WHAT TO PRODUCE
Each entry is to be given again precisely, and no picture may be carried over.

(Records from a data source)
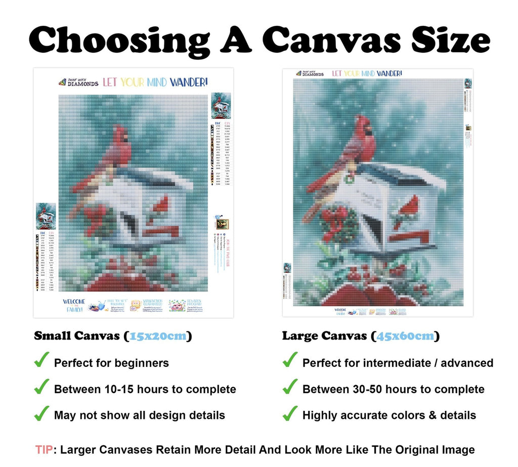 Feel the satisfaction of watching your Diamond Painting come together before your very eyes. This gorgeous artwork entitled "Christmas Cardinals" by artist Jenny Newland is now available as a Full Drill Diamond Painting Kit in your choice of Square or Round Diamonds.
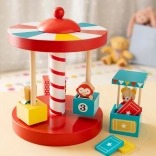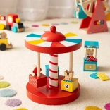 Porniți distracția! Caruselul colorat, cu chioșc de bilete și trei scaune, aduce copiilor povești nesfârșite – de la vânzarea biletelor până la plimbarea maimuței, pisicuței și ursului. Prin rotirea acoperișului, caruselul pornește lin și sprijină înțelegerea cauzei și efectului.
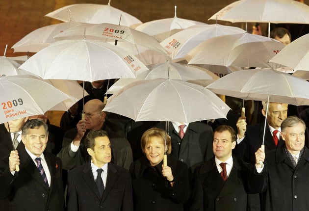 Last night it was still raining as all 27 EU leaders plus Hillary Clinton and President Dmitry Medvedev of Russia gathered under the Brandenburg Gate. Also attending was the former Hungarian prime minister Miklos Nemeth, whose decision to open his country's borders with the West in the summer of 1989 was a key step towards Communism's collapse.
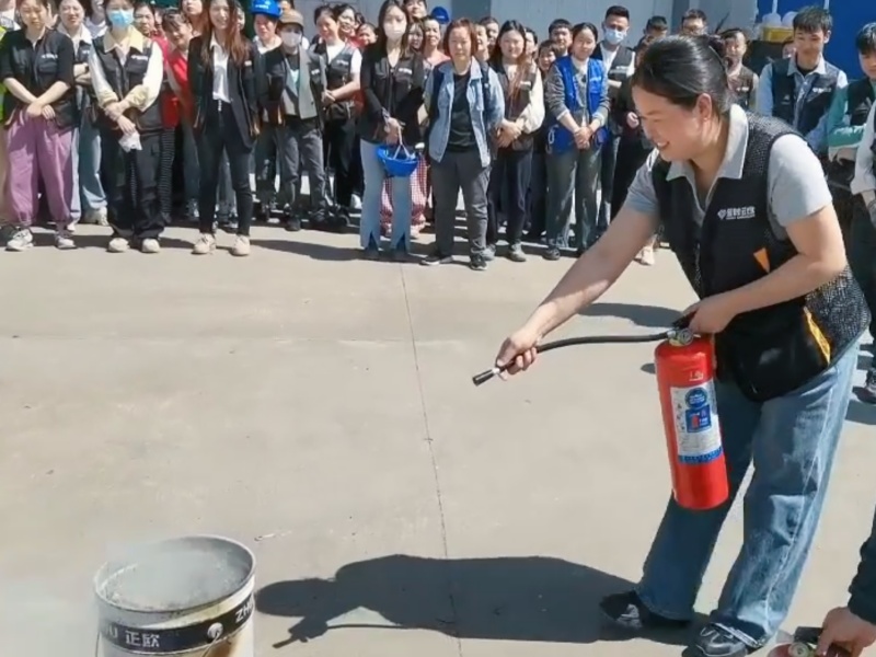 員工們依次上手操作,手持滅火器對準模擬火源。隨著 “嗤” 的一聲,白色干粉噴涌而出,迅速壓制住火焰。部分員工起初略顯慌亂,但在倉經理的耐心指導下,及時調整操作姿勢,順利完成滅火任務。“以往只是旁觀他人操作,今天親自動手才明白,每個操作步驟都至關重要,容不得半點馬虎!” 一位參與演練的員工有感而發。
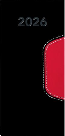 Zsebnaptár, fekvő elrendezésű, DAYLINER, "Memphis", fekete-piros
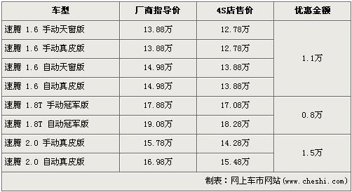 據(jù)北京一汽大眾經(jīng)銷店銷售人員介紹,在上海車展上亮相的速騰1.4TSI最早預(yù)計(jì)將在6月上市銷售,預(yù)售價(jià)格可能不會(huì)低于16萬元,此車的上市將會(huì)取代目前在售的速騰2.0升自動(dòng)擋車型。近期購買速騰在售車型的消費(fèi)者都可以得到不同程度的優(yōu)惠,速騰1.6L車型優(yōu)惠1.1萬元,1.8T冠軍版車型優(yōu)惠8000元,2.0L車型優(yōu)惠金額達(dá)到了全新最高的1.5萬元,但是2.0L車型目前店內(nèi)無現(xiàn)車,預(yù)購買者需交訂金1000元,約等一周后可提車。
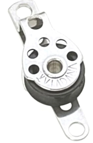 Diamètre de la poulie : 17 mm Diamètre maximal du cordage : 5 mm Hauteur totale : 29 mm Poids : 5 grammes Charge de rupture : 300 kg Diamètre du trou : 5/32 po Espacement des trous : 1 37/64 po

FINISHED EXERCISE
 Feel the satisfaction of watching your Diamond Painting come together before your very eyes. This gorgeous artwork entitled "Christmas Cardinals" by artist Jenny Newland is now available as a Full Drill Diamond Painting Kit in your choice of Square or Round Diamonds.
 Porniți distracția! Caruselul colorat, cu chioșc de bilete și trei scaune, aduce copiilor povești nesfârșite – de la vânzarea biletelor până la plimbarea maimuței, pisicuței și ursului. Prin rotirea acoperișului, caruselul pornește lin și sprijină înțelegerea cauzei și efectului.
 Last night it was still raining as all 27 EU leaders plus Hillary Clinton and President Dmitry Medvedev of Russia gathered under the Brandenburg Gate. Also attending was the former Hungarian prime minister Miklos Nemeth, whose decision to open his country's borders with the West in the summer of 1989 was a key step towards Communism's collapse.
 員工們依次上手操作,手持滅火器對準模擬火源。隨著 “嗤” 的一聲,白色干粉噴涌而出,迅速壓制住火焰。部分員工起初略顯慌亂,但在倉經理的耐心指導下,及時調整操作姿勢,順利完成滅火任務。“以往只是旁觀他人操作,今天親自動手才明白,每個操作步驟都至關重要,容不得半點馬虎!” 一位參與演練的員工有感而發。
 Zsebnaptár, fekvő elrendezésű, DAYLINER, "Memphis", fekete-piros
 據(jù)北京一汽大眾經(jīng)銷店銷售人員介紹,在上海車展上亮相的速騰1.4TSI最早預(yù)計(jì)將在6月上市銷售,預(yù)售價(jià)格可能不會(huì)低于16萬元,此車的上市將會(huì)取代目前在售的速騰2.0升自動(dòng)擋車型。近期購買速騰在售車型的消費(fèi)者都可以得到不同程度的優(yōu)惠,速騰1.6L車型優(yōu)惠1.1萬元,1.8T冠軍版車型優(yōu)惠8000元,2.0L車型優(yōu)惠金額達(dá)到了全新最高的1.5萬元,但是2.0L車型目前店內(nèi)無現(xiàn)車,預(yù)購買者需交訂金1000元,約等一周后可提車。
 Diamètre de la poulie : 17 mm Diamètre maximal du cordage : 5 mm Hauteur totale : 29 mm Poids : 5 grammes Charge de rupture : 300 kg Diamètre du trou : 5/32 po Espacement des trous : 1 37/64 po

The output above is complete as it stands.